California sees sharp increase in crime, fueling political debate
Orinda, an affluent, bucolic Contra Costa County town, would seem to be an unlikely scene for a vicious street crime.
However, one day last week, two armed robbers wearing Halloween masks confronted a couple, both 70 years old, as they unloaded groceries in their driveway. They battered the man, even though he surrendered his wallet, and shot his wife twice before fleeing.
It will be recorded as one of the approximately 170,000 violent crimes committed in California this year – and after several decades of decline, armed robberies, rapes, homicides and other violent crimes are ticking up.
Just hours before the Orinda couple were assaulted, the FBI released its annual state-by-state breakdown on crime, revealing that in 2015, California saw a 7.6 percent increase in violent acts from the previous year to 166,883, or 426.3 per 100,000 population.

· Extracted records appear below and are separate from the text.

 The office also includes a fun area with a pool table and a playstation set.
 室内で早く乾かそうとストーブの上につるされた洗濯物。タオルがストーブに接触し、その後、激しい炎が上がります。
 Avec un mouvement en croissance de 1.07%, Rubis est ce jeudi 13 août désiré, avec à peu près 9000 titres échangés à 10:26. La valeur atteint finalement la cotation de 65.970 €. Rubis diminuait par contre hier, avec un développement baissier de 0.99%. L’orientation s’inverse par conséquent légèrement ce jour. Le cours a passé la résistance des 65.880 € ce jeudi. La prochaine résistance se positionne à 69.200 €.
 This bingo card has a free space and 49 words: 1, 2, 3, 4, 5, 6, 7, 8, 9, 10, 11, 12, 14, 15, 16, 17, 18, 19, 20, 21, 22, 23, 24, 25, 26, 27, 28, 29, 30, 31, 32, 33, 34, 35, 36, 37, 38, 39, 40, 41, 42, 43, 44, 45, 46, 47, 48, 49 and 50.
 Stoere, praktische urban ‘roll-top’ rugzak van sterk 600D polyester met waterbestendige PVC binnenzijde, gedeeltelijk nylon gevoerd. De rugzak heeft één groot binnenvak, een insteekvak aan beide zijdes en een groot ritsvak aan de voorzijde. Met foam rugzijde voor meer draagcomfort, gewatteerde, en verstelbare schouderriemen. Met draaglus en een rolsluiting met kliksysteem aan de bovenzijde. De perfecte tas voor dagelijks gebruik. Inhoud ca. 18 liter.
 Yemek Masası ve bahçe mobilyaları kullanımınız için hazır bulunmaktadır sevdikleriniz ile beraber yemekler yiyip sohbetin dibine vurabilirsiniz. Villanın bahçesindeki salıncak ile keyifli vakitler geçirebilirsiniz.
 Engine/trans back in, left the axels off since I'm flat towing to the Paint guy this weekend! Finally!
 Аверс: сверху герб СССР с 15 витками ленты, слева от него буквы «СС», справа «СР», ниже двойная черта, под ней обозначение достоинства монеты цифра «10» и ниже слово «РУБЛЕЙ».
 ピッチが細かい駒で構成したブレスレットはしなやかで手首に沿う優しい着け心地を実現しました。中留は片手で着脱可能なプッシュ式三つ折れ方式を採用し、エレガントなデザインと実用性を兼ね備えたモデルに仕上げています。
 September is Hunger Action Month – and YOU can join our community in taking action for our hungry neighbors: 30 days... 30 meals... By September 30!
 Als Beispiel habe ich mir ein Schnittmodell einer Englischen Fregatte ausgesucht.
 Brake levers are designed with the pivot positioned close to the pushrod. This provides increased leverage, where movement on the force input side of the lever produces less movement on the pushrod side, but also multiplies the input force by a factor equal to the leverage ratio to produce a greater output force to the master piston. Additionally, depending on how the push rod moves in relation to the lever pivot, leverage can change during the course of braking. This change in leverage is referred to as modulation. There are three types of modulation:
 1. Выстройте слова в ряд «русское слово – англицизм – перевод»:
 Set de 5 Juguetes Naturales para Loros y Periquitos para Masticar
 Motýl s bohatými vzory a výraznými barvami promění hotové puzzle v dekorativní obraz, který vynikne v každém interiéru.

That was 2 1/2 times the 3 percent national increase, the 13th highest of any state. Moreover, California’s overall violent crime rate is also the nation’s 13th highest. Our homicide rate increased by 8.5 percent, well over the 4.9 percent recorded nationally.
These disturbing data provide new grist for the state’s escalating debate over crime and punishment – particularly since three of the Nov. 8 ballot measures provide opportunities for voters to weigh in.
One, Proposition 62, would repeal the state’s death penalty. Another, Proposition 66, would go the other way, speeding up executions. And Gov. Jerry Brown’s Proposition 57 would make it easier for felons deemed nonviolent under a very narrow definition of violent crime to obtain parole, and allow the state to cut sentences of all felons for good behavior.
This year’s crop of crime-related measures follows Brown’s historic “realignment” that has sharply reduced the state’s prison population in response to federal court pressure, and Proposition 47, the 2014 ballot measure that reclassified six nonviolent crimes from felonies to misdemeanors.
Critics, mostly in the law enforcement field, have contended that realignment and Proposition 47 have sparked recent increases in crime, not only of the violent variety but also auto thefts, burglaries and other nonviolent crimes.
The liberal Center on Juvenile and Criminal Justice issued a report last month that sees “no correlation between rates of Proposition 47-related prison releases or jail population decreases and county crime.”
Almost simultaneously, the Public Policy Institute of California released a study of “California’s historic corrections reforms,” concluding they “did not lead to a broad increase in crime rates” but might have contributed to a rise in auto thefts.
The PPIC report suggests the recent uptick in crime might just be a single-year anomaly in an otherwise “long-term decline.”
Perhaps so, but when California’s crime rates, both violent and nonviolent, spike much higher than national trends, we should legitimately wonder whether releasing thousands of criminals who otherwise would have been behind bars is having a negative effect.
Orinda’s residents certainly must wonder.